The central problem of phonological development runs parallel to the problem of the
development of language itself. Infants somehow progress from the sounds of physical necessity
such as crying and cooing to children capable of producing complex, phonologically and
syntactically well formed utterances. The normal infant entering the world is assumed to draw
on four classes of input that are useful for learning about their local environment:

♦ Innate endowments and biases.


♦ Events in the surrounding environment.
♦ Self-generated perceptuomotor actions.
♦ Feedback from self generated perceptuomotor actions.

The exact relationship between these factors in development has always been controversial. In
learning phonology, the child may well have certain innate biases present at birth. At the very
least the infant is endowed with a perceptuomotor system and a vocal tract that will eventually
be able to make a large array of sounds. The infant is surrounded by a rich linguistic
environment filled with people generating complex acoustic information. The infant makes
sounds, and the production of early utterances starts a feedback loop by which the child can
modify the sound of his own voice.

Infants learning English phonology show a great deal of individual variation. However,
superimposed on this is a predictable order of acquisition. The exact nature of the interaction
between biological and environmental factors in this process is not understood, with roles
posited for explanations invoking innate language skills, a maturing vocal system and phoneme
frequency. The order in which phonemes are acquired is difficult to ascertain. This is due to
many factors:

“… acquisition varies between children learning the same language; related allophones are acquired at
different times; acquiring a phoneme may not mean that the relevant phonemic contrasts have been

Modelling the acquisition of English phonology in infancy 4


acquired; position of the target phoneme in the syllable, together with other contents of the syllable,
affects pronunciation.” Shillcock & Westermann (1996) p1.

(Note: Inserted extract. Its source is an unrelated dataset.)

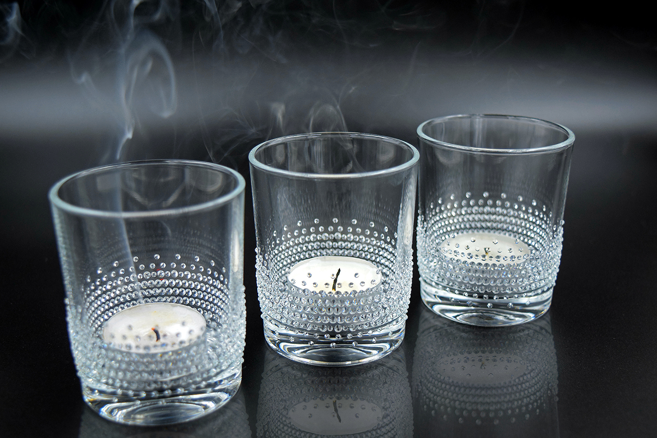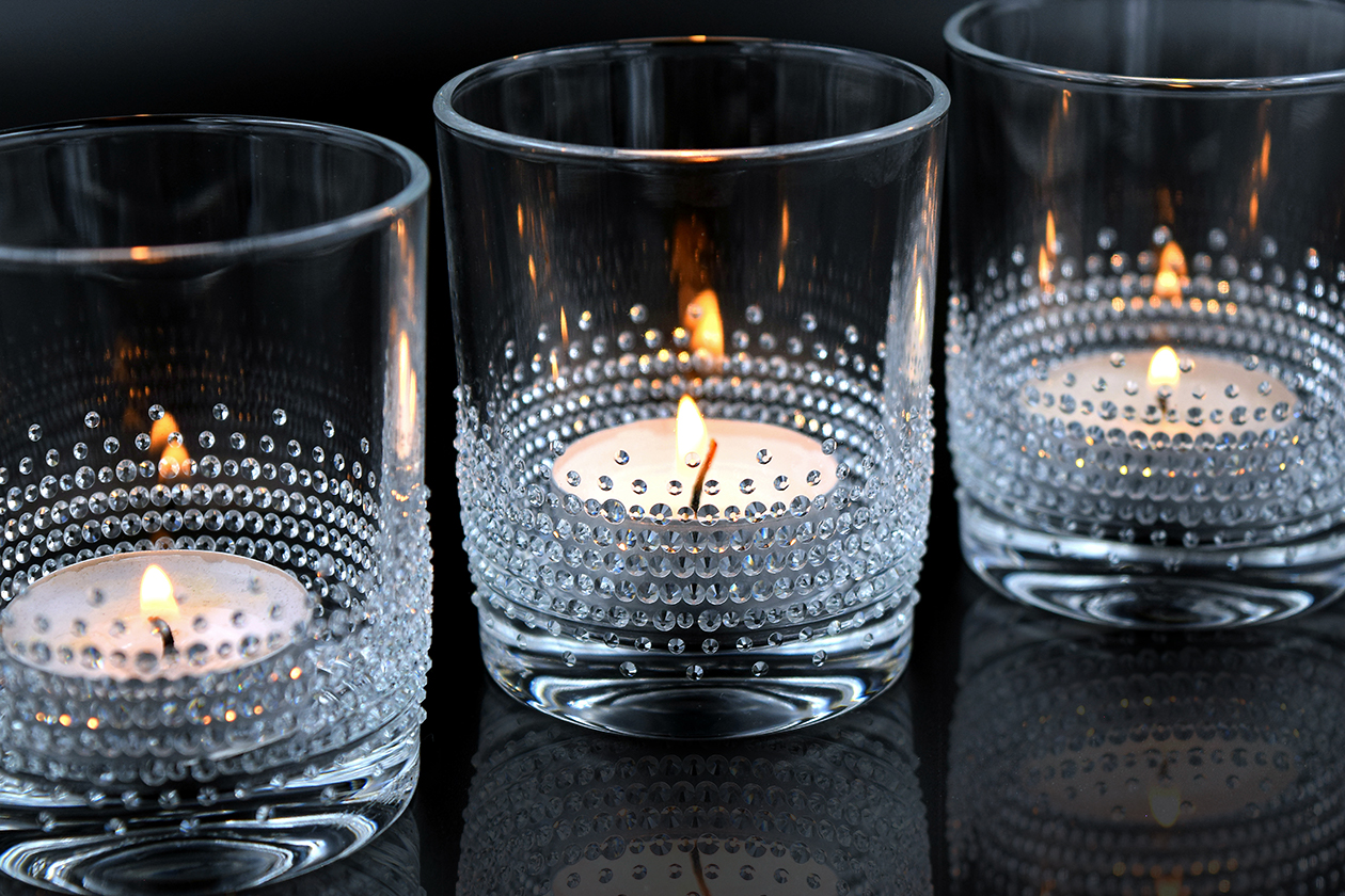 Verziert mit 470 Steinen aus Österreich pro Teelichthalter.

Expected orders of acquisition have been published despite the problems involved. Speculations
have been made about the influences that combine to produce a phonological system with a
predictable acquisition order.

A successful theory of phonological acquisition will have to explain several observed properties
of development:
♦ The nature of the interaction between babbling and early speech.
♦ Predictable orders of development.
♦ Individual variation.
♦ Cross-linguistic variation.
♦ The role of different levels of sound structure: phonemes, syllables, lexical items.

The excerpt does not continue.